In some embodiments, the material of the second retaining wall is the same as that of the spacer layer, and the top end of the second retaining wall is flush with the top end of the main spacer layer.

In some embodiments, the material of the first retaining wall is the same as the material of the color resistance layer, and the height of the first retaining wall is the same as the height of the color resistance layer.

In some embodiments, the material of the second retaining wall is the same as that of the spacer layer, and the top end of the second retaining wall is flush with the top end of the auxiliary spacer layer.

In some embodiments, the material of the first retaining wall is the same as the material of the spacer layer, and the height of the first retaining wall is the same as the height of the second retaining wall.

In some embodiments, the insulating layer is made of silicide nitride, the color resist layer is made of organic photoresist, and the spacer layer is made of epoxy resin.

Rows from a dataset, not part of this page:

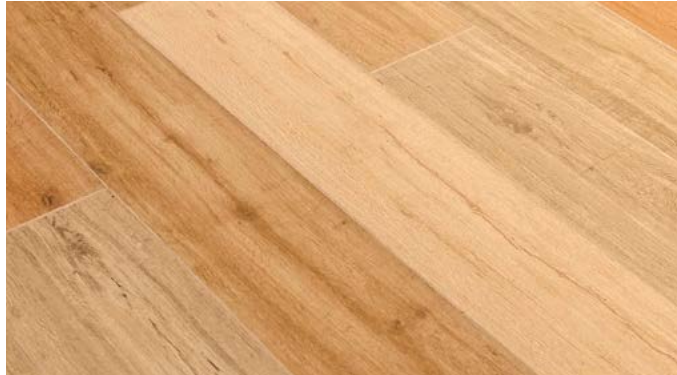
WOOD OR LAMINATE

Easy tap-down glueless installation. Can be installed over wood or laminate, stone or cement, and vinyl or tile.
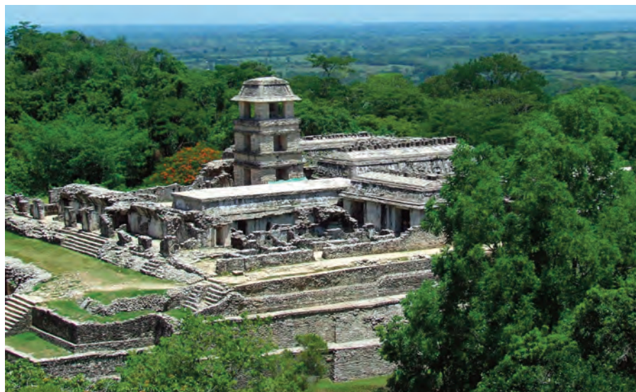
The palace complex at Palenque, Chiapas, Mexico

"The sound waves that we produce affect not only those who listen to us but the entire universe, and for this reason speech must be harmonious. In that way, we praise the Creator. This is why the Hopi in their ceremonies use song to praise
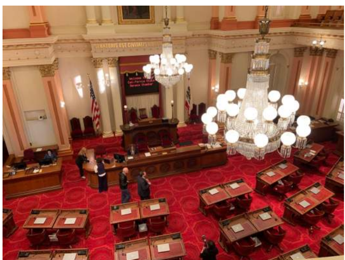
Inside the Senate Chambers in the Capitol

apportionment of funds for road repair and maintenance. The bill would establish apportionment formula, identify quaranteed minimum apportionments, and establish the types of eligible projects consistent with specified requirements, which would be submitted in list form by local and regional transportation agencies to the commission. (Status: Vetoed by Governor Newsom on October 12, 2019. In Senate under pending consideration of Governor's veto)
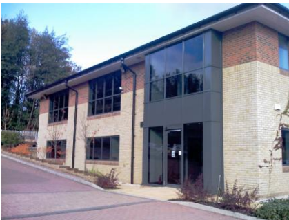
JBA Consulting: the Newport office

t: +44 (0)1633 415363 www.jbaconsulting.co.uk
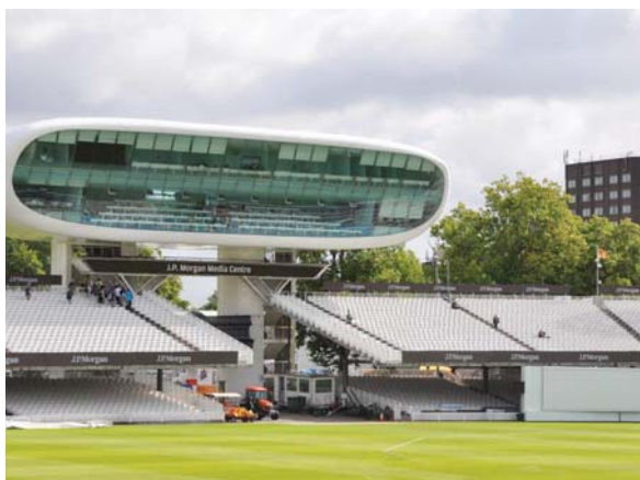
The media centre won the Stirling prize for architecture in 1999

Once complete, the centre will have 10 permanent TV and radio broadcast boxes – one less than at present but of increased
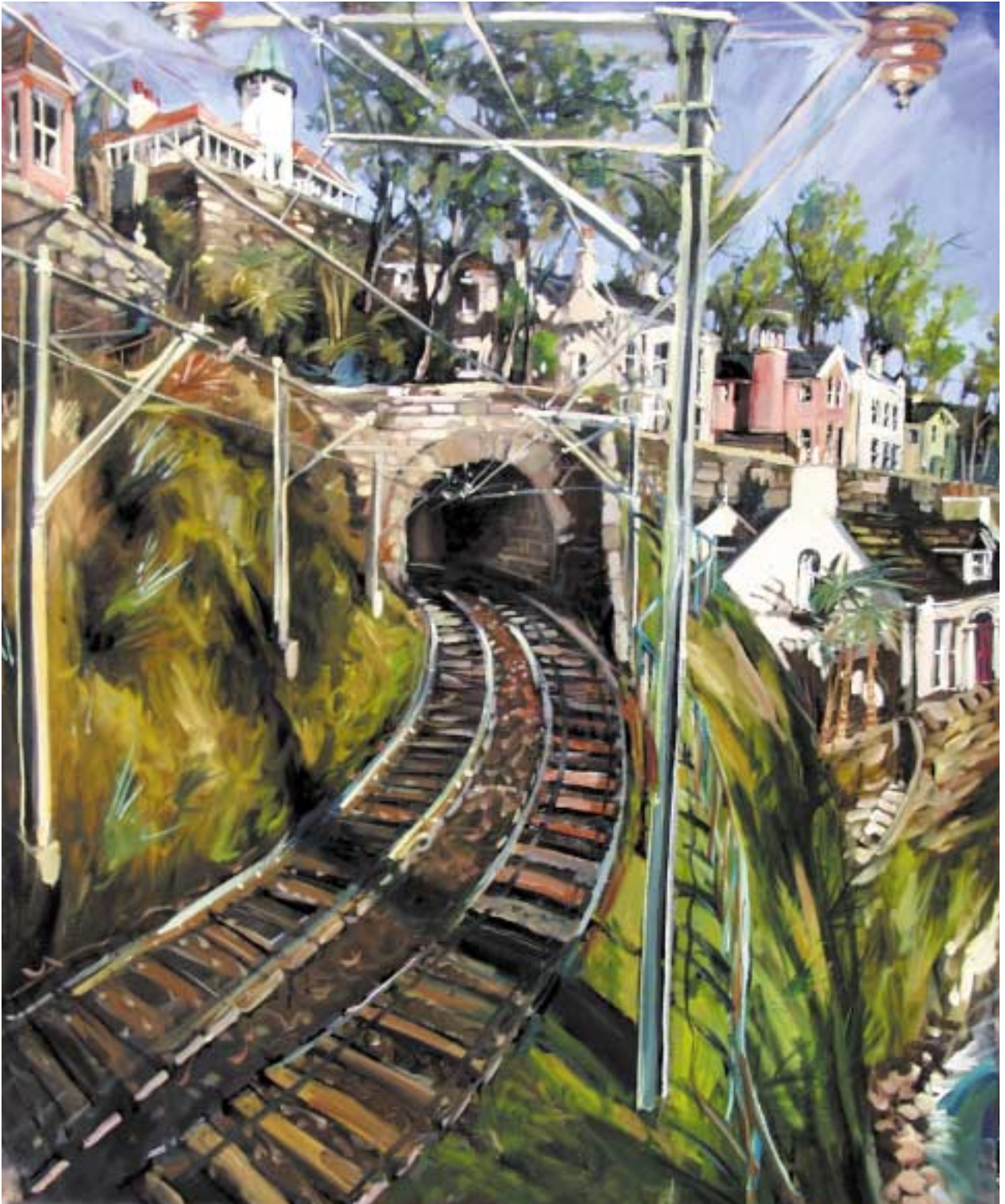
17. 'RAILWAY LINE, VICO ROAD'
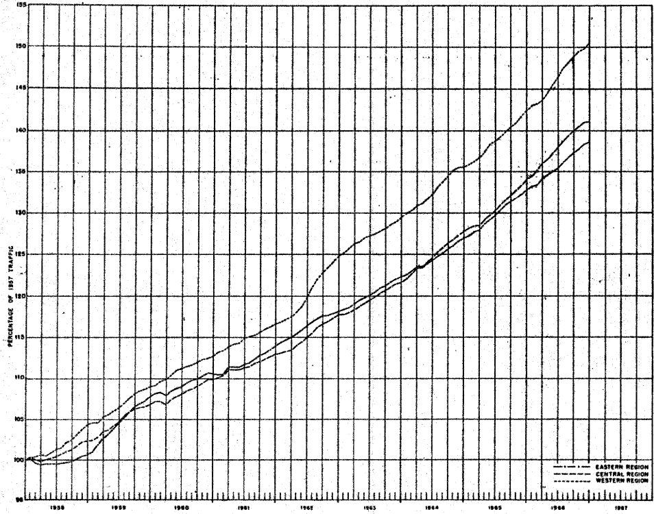
FIGURE 3--TRAVEL ON MAIN RURAL ROADS BY 12-MONTH PERIODS ENDING EACH MONTH, AS PERCENTAGE OF TRAFFIC IN THE CALENDAR YEAR 1957

In some embodiments, the color film substrate includes a second substrate, a black matrix disposed on a surface of the second substrate, a pixel electrode layer disposed on the black matrix, and a second alignment film layer disposed on the pixel electrode layer; the main spacer layer and the frame sealing glue are respectively connected with the second alignment film layer.

The liquid crystal display panel that this application embodiment provided through set up the barricade that 2 group at least low rate of permeating water materials were prepared on the array substrate that is located the relative both sides of frame sealing glue in the non-display area for external steam is difficult to more and gets into the inside risk of liquid crystal display panel through the organic rete in the liquid crystal display panel, thereby has effectively improved liquid crystal display panel's stability.

Drawings

The technical solution and other advantages of the present application will become apparent from the detailed description of the embodiments of the present application with reference to the accompanying drawings.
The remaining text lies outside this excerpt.